Let me preface this post by saying that I spent 40 years being professionally fussy and organised for myself and my patients and then 8 years trying to cope with someone else’s retail stock chaos after that – 48 years of honourable organisation without tipping over into clinical OCD. It was good preparation for my time here at the retirement computer desk and out at the retirement modelling bench.
But it did not prepare me for contact with modern hobby shops and their shelves, and I am learning to retrain my powers of observation.
A hobby shop and a battleship magazine are similar places – lots of expensive and dangerous items to be stored and made ready for either sale or bombardment. Success for the shop assistants or the gunners only comes when the goods are delivered and fired off safely. Subsequent explosions can take place at a long distance away. The naval gunners have an advantage in that their targets rarely come in and request a warranty repair on a dud shell.
The key to being able to do the business is organisation – the racks of shells and the shelves of retail goods have to be arranged so that the crews can find common shell or model kits readily to hand in the thick of things. No good trying to dig through piles of stuff while the customers are waiting. The organisation has to be methodical, thorough, done well beforehand, and done repeatedly as stocks rotate. It is also vital that the organisation is not changed weekly at the whim of the commanding officer…but that is another story.

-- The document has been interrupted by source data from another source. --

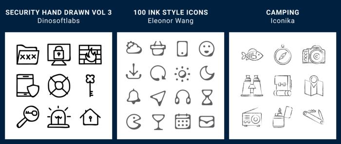 大尺寸手绘线图标样例。Dinosoftlabs的Security Hand Drawn,Eleonor Wang 的100 ink style icons, Iconika的Camping 。
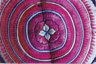 另外,土族服飾的演變,還源于關(guān)于丹陽公主化為金色鳳凰的傳說,人們?yōu)榧o念她而穿鳳凰羽毛一般華麗的服飾。因而,土族婦女至今仍然保存著身穿綠色夾襖,下穿緋紅色百褶裙,腳穿繡花翹尖鞋的裝束。裙子是三川婦女獨有的服飾之一,土族語稱之為“禾兒莫”。根據(jù)著裝者的年齡大小,裙子有鮮紅、粉紅、紫紅三種,材質(zhì)多選用棉布、綢緞,為了耐臟,下擺處還鑲有一圈寬25厘米的黑布。黑布與紅布的連接處鑲有兩道花邊,使紅色百褶裙更為好看。過去,婦女除了下地干活和下廚外,都必須穿裙子,否則會被視為無禮。
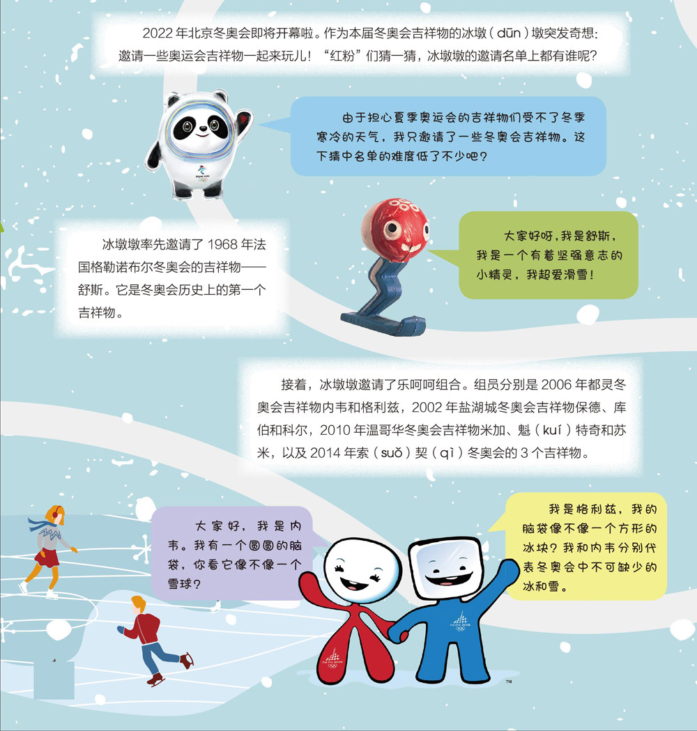 2022年北京冬奥会即将开幕啦。作为本届冬奥会吉祥物的冰墩(dOn)墩突发奇想:邀请一些奥运会吉祥物一起来玩儿!“红粉”们猜一猜,冰墩墩的邀请名单上都有谁呢?
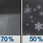 Temperature: 28°F Wind Speed: 7 mph Wind Direction: N Forecast: Rain showers likely before 1am, then a chance of snow showers. Mostly cloudy, with a low around 28. Chance of precipitation is 70%. |
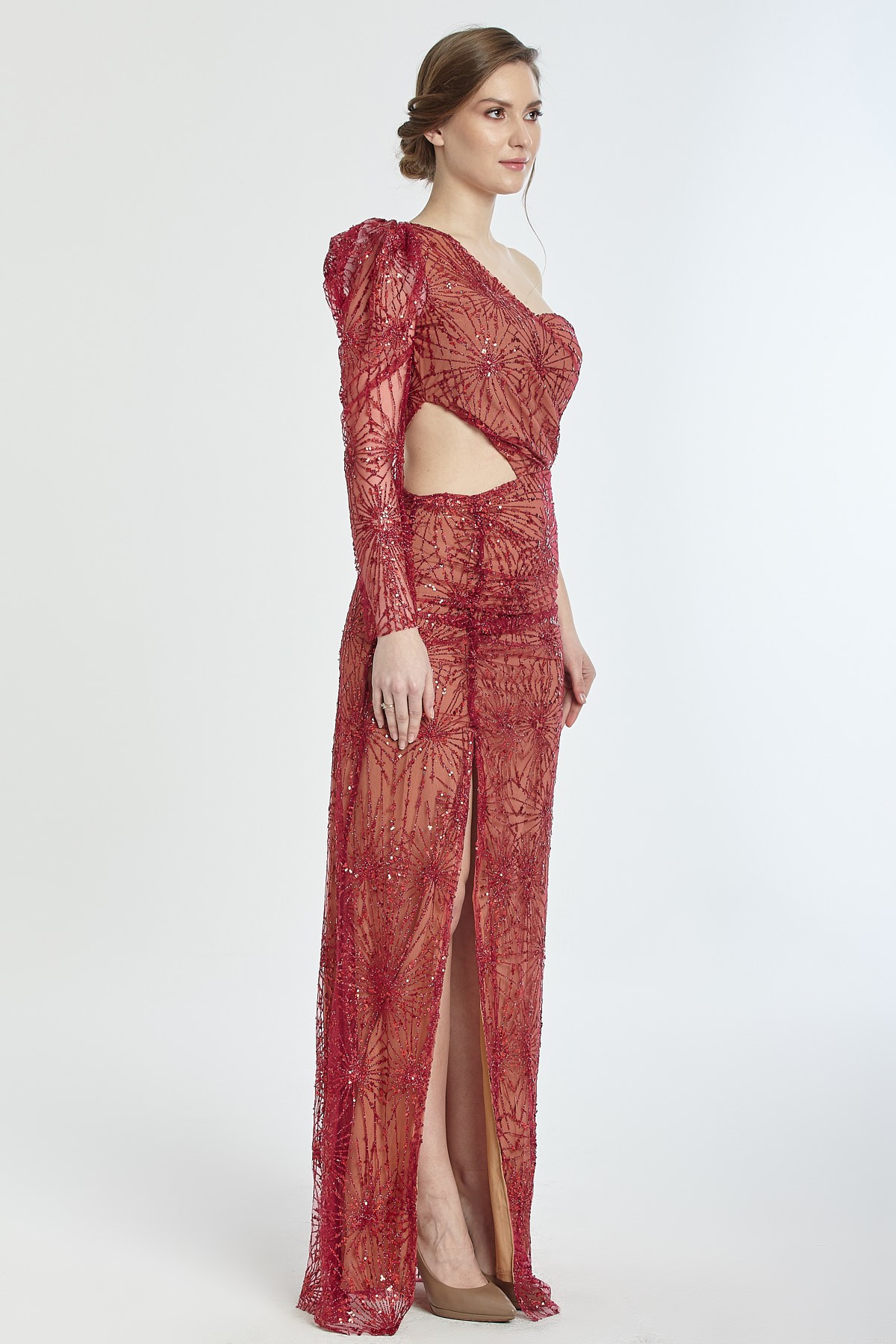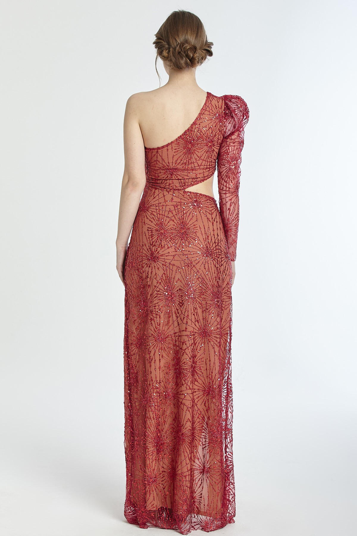 Tek omuz bel dekolteli derin yırtmaçlı kendinden ışıltılı gece elbisesi

This agreeable state of affairs applies to very few of the hobby shops I’ve visited. Most range from semi-arranged to completely chaotic. I would particularly commend Train World in North Brighton, VIctoria and my local Hobbytech in Myaree, Western Australia for having their stuff categorised and easily available to the customers. They separate paints, kits, parts, tools, and all the myriad of sales goods very well. In my recent visits I was able to fill shopping lists easily – provided the goods were available for sale – without having to flap about searching for misplaced items. The fact that each section is visibly separate doesn’t prevent the customer from grazing around and developing more expensive ideas – and this is the very essence of a good retail set-out. If you don’t believe me, go through the main doors at Myers or David Jones and look at the way that the labyrinth of colour and counters has been planned.

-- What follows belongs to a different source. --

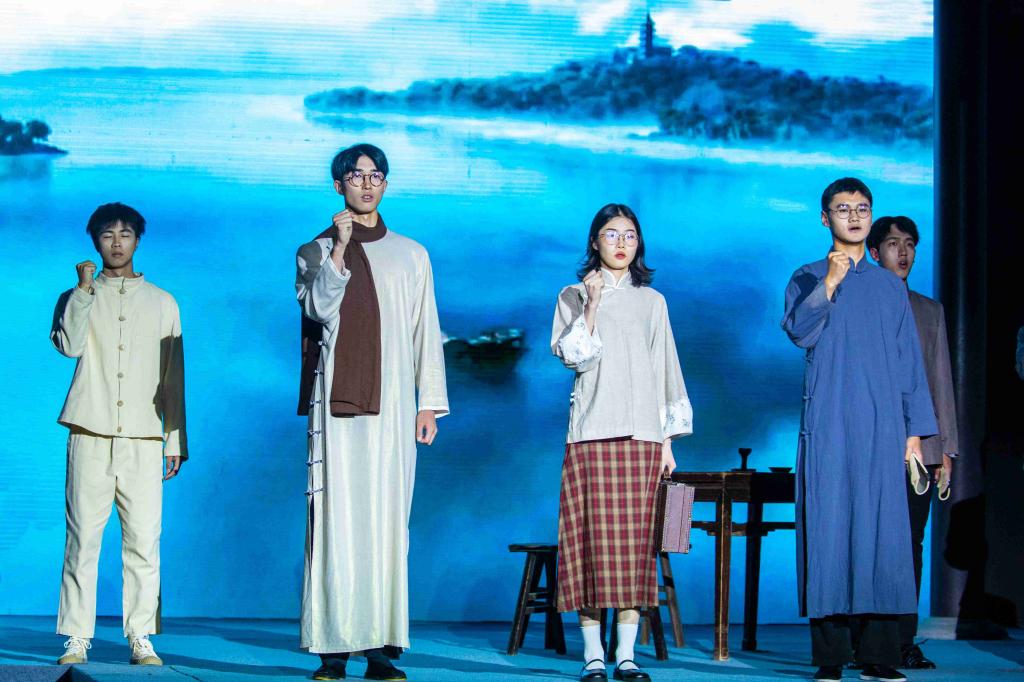 今年是中国共产党成立100周年,在服装设计专业毕业生设计的47个主题系列123套优秀毕业作品展演的基础上,今年还新增设了一个环节——以建党百年历史为主题背景,选择1921-1949年、1949-1978年、1978-1992年、1992-2012年、2012-2021年共五个时间段进行具有时代特色的服装进行展示,分为“革命”“新生”“改革”“发展”“逐梦”五个章节,用情景表演的形式向广大师生展示中国共产党百年来,走过漫道、越过雄关、开创新中国、建设新中国和引领中国进入社会主义新时代的艰苦奋斗历程。服装专业学子用自己智慧的双手和精彩的表演,来弘扬红色文化,传递青春的正能量。将党史学习教育融入专业实践和课程,从专业实践的视角激发青年学生进一步深化对于中国共产党历史的认识,推动从百年党史中汲取奋进的动力,勇担新时代新征程赋予的责任和历史使命。
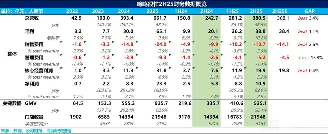 1、营收小幅超出市场预期。从整体业绩的角度,受益于高速开店,下半年鸣鸣很忙实现营收 381 亿元,同比增长 57%,明显超出市场预期。基本接近去年全年的营收体量,说明很忙仍处于高速成长阶段。

My one request to all hobby shop owners is that they give thought to hiring a shop display assistant who is mildly OCD. Make it their task to separate all kits via scale, and then to further subdivide them by maker and theme. And to display the best end of the box so that the buyer can see the stock at a glance. I know it will be a repeated task as the customers disrupt the shelves, but that’s what the shelfman is there for. And done well, it can lead to the customer deciding to get four kits and five cans of paint instead of just one.